+++ Information

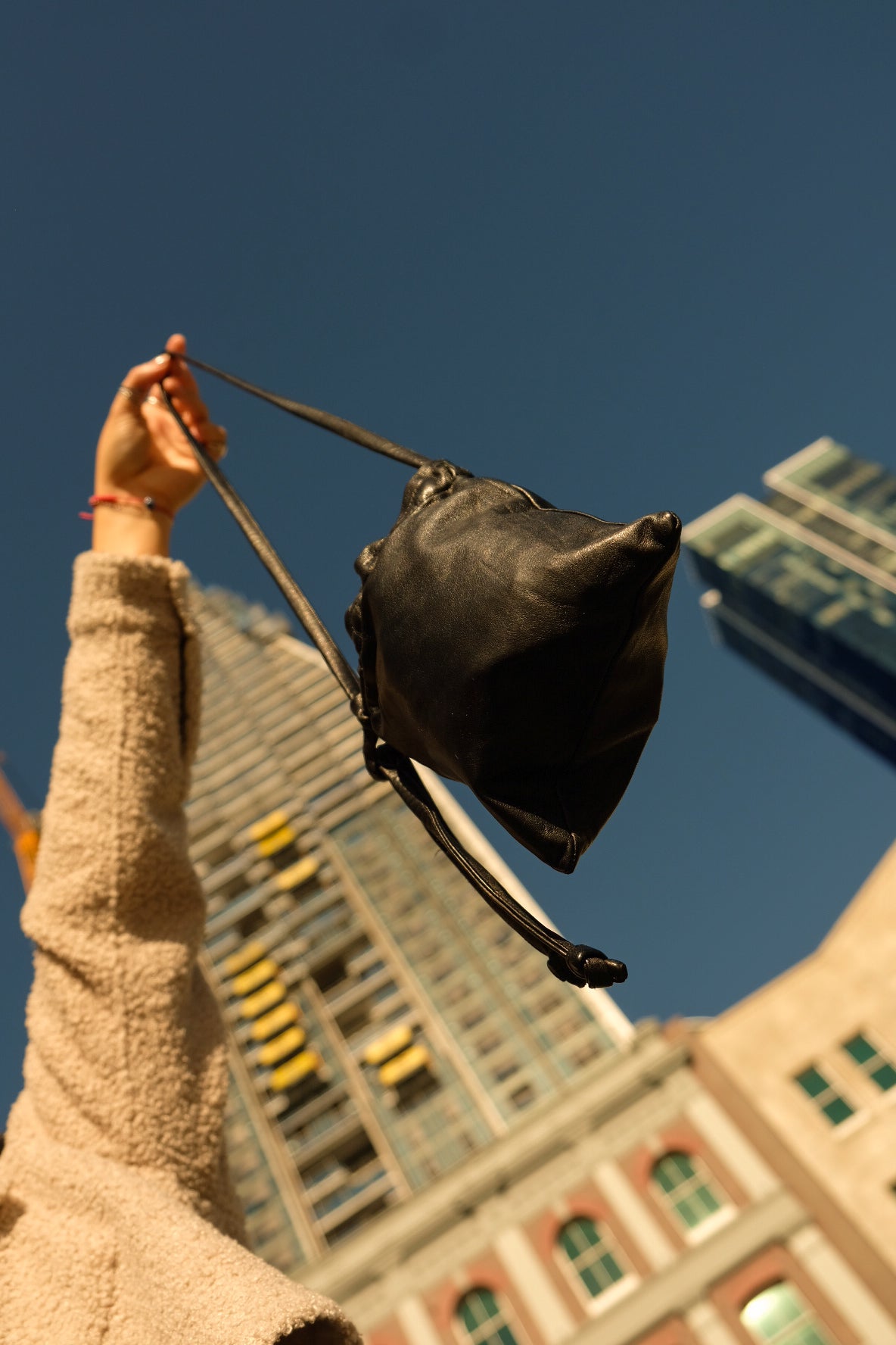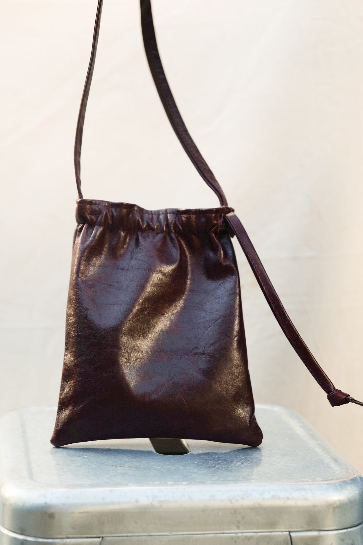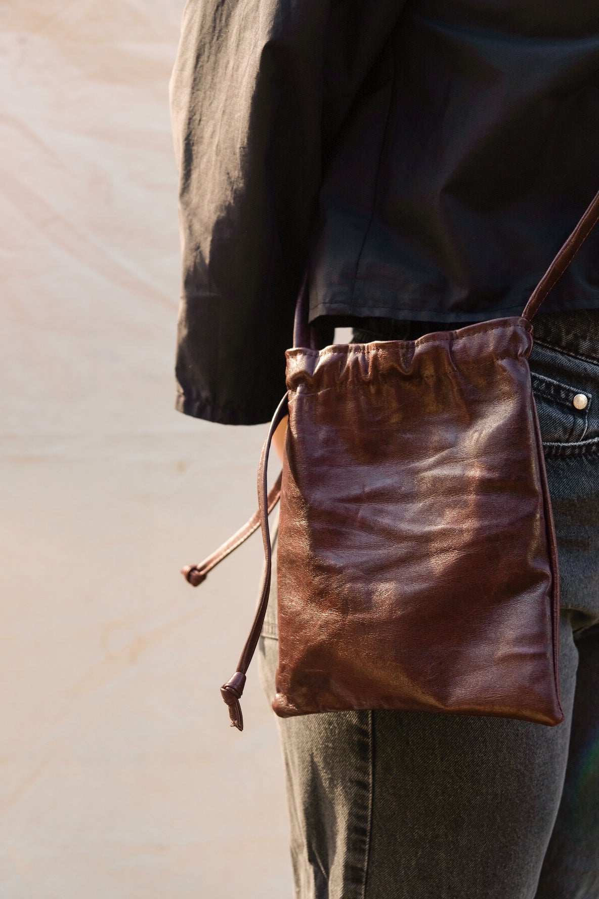 It features a leather drawstring closure, and the strap can be made to your specifications.
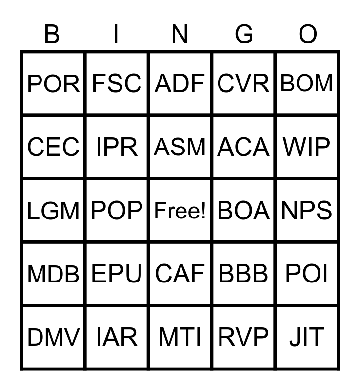 This bingo card has a free space and 24 words: EPU, IAR, ASM, DMV, BOM, POR, CEC, FSC, BOA, CAF, ACA, LGM, BBB, POI, IPR, RVP, NPS, ADF, WIP, POP, JIT, MDB, CVR and MTI.
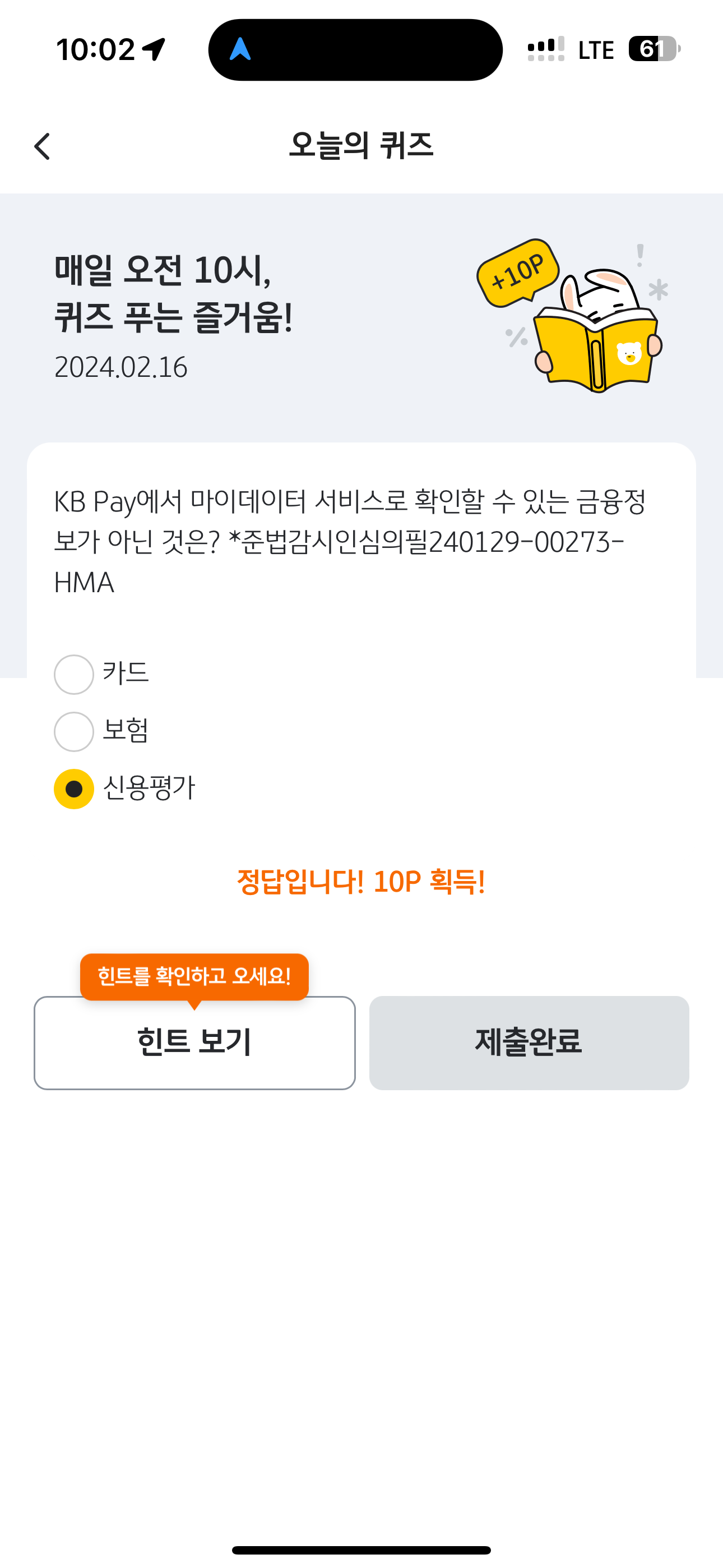 KB Pay 오늘의 퀴즈 정답은 신용평가 입니다
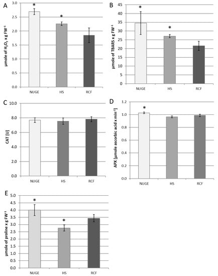 One of the indicators of oxidative stress in plant tissues is enhanced lipid peroxidation. It was found that the level of lipid peroxidation increased in the tested plants in parallel with the changes in the H2O2 content. The highest amounts of TBARS were shown in the leaves of the NUGE-cultivated plants. They achieved about 161% and 126% comparing to the leaves of RCF- and HS-nourished plants, respectively (Figure 5B).
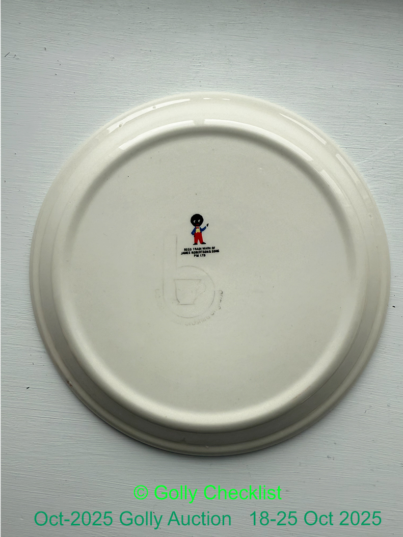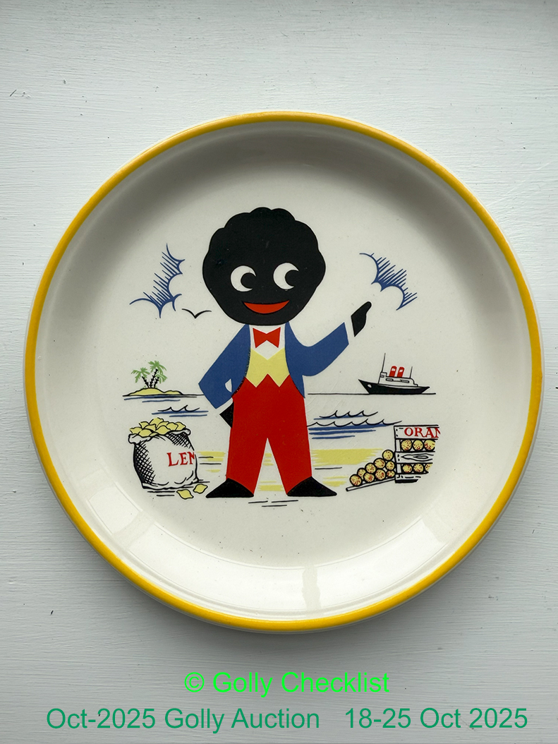 DESCRIPTION: A genuine Robertson's plate showing a one-arm raised Golly with a sea scene. Made by Barrett's of Staffordshire in 1980. Listed as D20 in the Golly Guide. This version has a yellow rim and the full colour golly backstamp to reverse. See the links below for further details on this item.
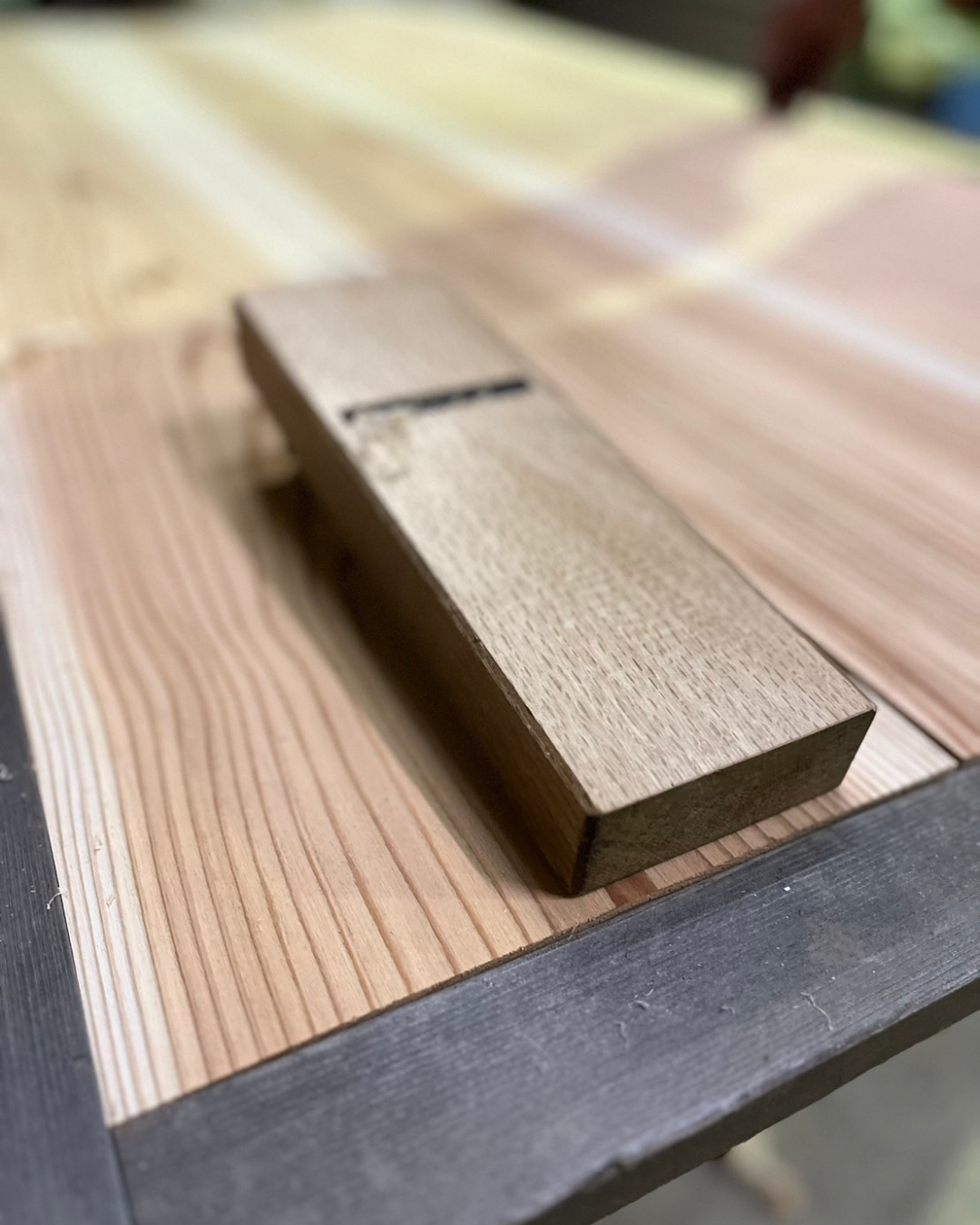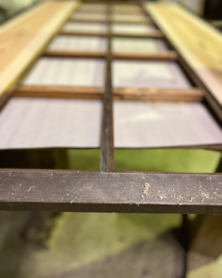 板上にカットし丁寧に鉋をかけてから、はめ込み釘打ち、綺麗な格子状に元通りです。

++++++

Work required =
Copy out every entry above word for word; omit the images.

Your response =
 It features a leather drawstring closure, and the strap can be made to your specifications.
 This bingo card has a free space and 24 words: EPU, IAR, ASM, DMV, BOM, POR, CEC, FSC, BOA, CAF, ACA, LGM, BBB, POI, IPR, RVP, NPS, ADF, WIP, POP, JIT, MDB, CVR and MTI.
 KB Pay 오늘의 퀴즈 정답은 신용평가 입니다
 One of the indicators of oxidative stress in plant tissues is enhanced lipid peroxidation. It was found that the level of lipid peroxidation increased in the tested plants in parallel with the changes in the H2O2 content. The highest amounts of TBARS were shown in the leaves of the NUGE-cultivated plants. They achieved about 161% and 126% comparing to the leaves of RCF- and HS-nourished plants, respectively (Figure 5B).
 DESCRIPTION: A genuine Robertson's plate showing a one-arm raised Golly with a sea scene. Made by Barrett's of Staffordshire in 1980. Listed as D20 in the Golly Guide. This version has a yellow rim and the full colour golly backstamp to reverse. See the links below for further details on this item.
 板上にカットし丁寧に鉋をかけてから、はめ込み釘打ち、綺麗な格子状に元通りです。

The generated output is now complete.